Retired UCLA economist--Phd; U of Chicago--
George Hilton has recently passed away. While all this, from an obituary is true;
Born in 1925, Hilton graduated with an A.B., summa cum laude, from
Dartmouth College in 1946, and earned an M.A. in 1950. He attended the
London School of Economics from 1953 to 1955 and earned his Ph.D. from
the University of Chicago in 1956. He was professor of economics at the
University of California, Los Angeles, until his retirement.Hilton
specialized in transportation economics. He practically identified
himself with competitive organization of the railroads and prided
himself on his contribution to the abolition of the Interstate Commerce
Commission.
....He wanted to be remembered best for his works on transportation
history. Of his fifteen books and countless articles, many were on
transportation history. Many of these are considered the definitive work
on their particular subject: The Great Lakes Car Ferries, The Cable Car
in America, The Ma & Pa, Eastland, Legacy of the Titanic, American
Narrow Gauge Railroads, and Lake Michigan Passenger Steamers. In 2008 he
received the Samuel Ward Stanton Award from the Steamship Historical
Society of America for scholarship in steam navigation.

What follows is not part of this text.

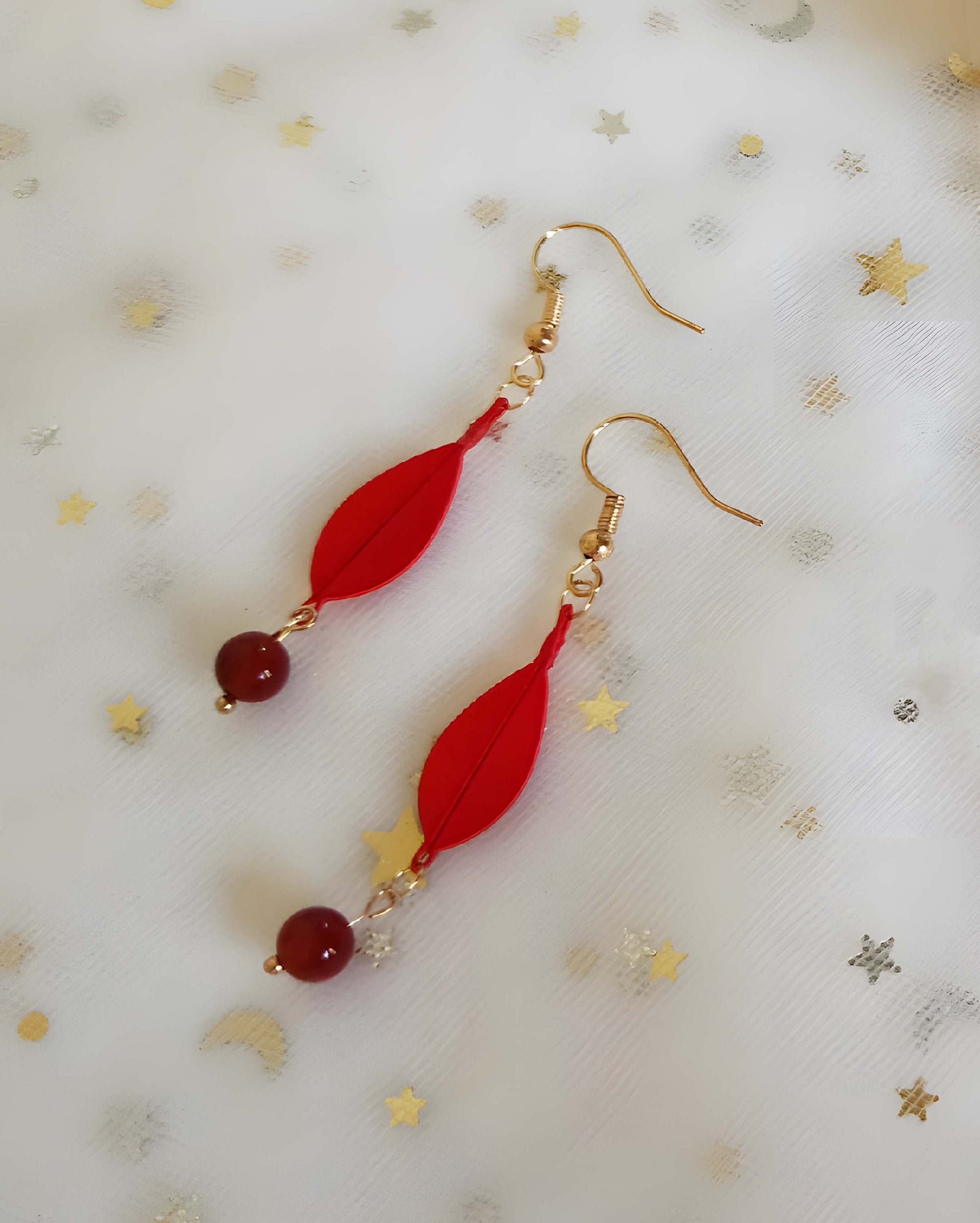 Red: artificial silk, color-conserving copper, red agate;

He is known to HSIB for his role in debunking Bradford Snell's
Great Conspiracy to Destroy the Streetcars. Not that Wikipedia is the wiser for Professor Hilton's contributions during the
1974 hearing by the Subcommittee on Antitrust and Monopoly of the Senate Judiciary Committee (beginning on page 2204). In which, Hilton (justifiably) ridicules the simple-mindedness of Snell's claims;
I would argue that [Snell's] interpretations [of historical facts] are not correct, and, further, that they couldn't possibly be correct, because major conversions in society of this character--from rail to free wheel urban transportation, and from steam to diesel railroad propulsion--are the sort of conversions which could come about only as a result of public preferences, technological change, the relative abundance of natural resources, and other impersonal phenomena or influence rather than the machinations of a monopolist.
....The relation between the transit industry and the demand for automobile in the report is one so completely oversimplified that it is diff[icult] to take seriously.
Unless you're an anti-capitalist conspiracy monger, that is.